**Work to be completed:**
Copy, word for word, the lines of the listing below from the line with "của các Công" up to and including the line with "Observeu a la". Drop the pictures.

**Supplied records:**
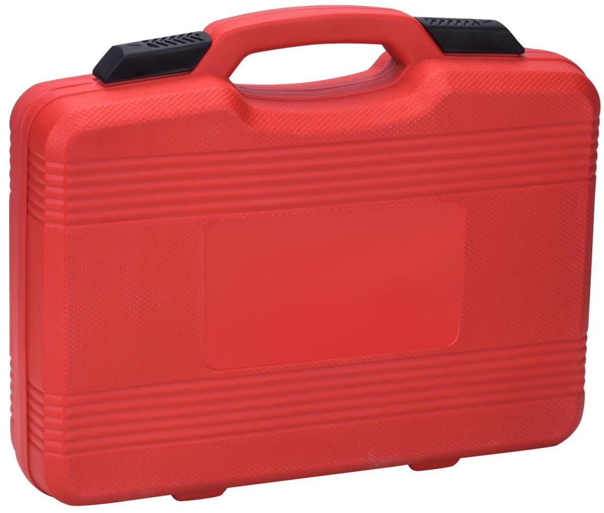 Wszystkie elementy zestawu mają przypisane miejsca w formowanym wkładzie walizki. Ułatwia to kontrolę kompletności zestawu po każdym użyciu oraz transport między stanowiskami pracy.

* * *

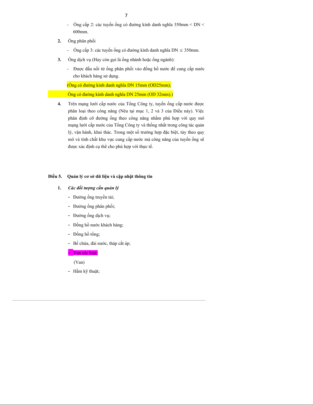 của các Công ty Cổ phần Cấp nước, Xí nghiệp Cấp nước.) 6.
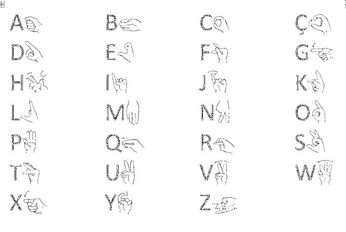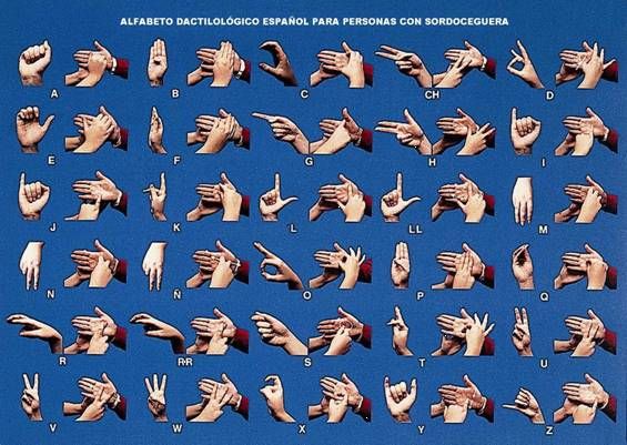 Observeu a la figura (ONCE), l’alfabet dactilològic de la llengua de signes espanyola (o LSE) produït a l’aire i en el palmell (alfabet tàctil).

**Output below:**
 của các Công ty Cổ phần Cấp nước, Xí nghiệp Cấp nước.) 6.
 Observeu a la figura (ONCE), l’alfabet dactilològic de la llengua de signes espanyola (o LSE) produït a l’aire i en el palmell (alfabet tàctil).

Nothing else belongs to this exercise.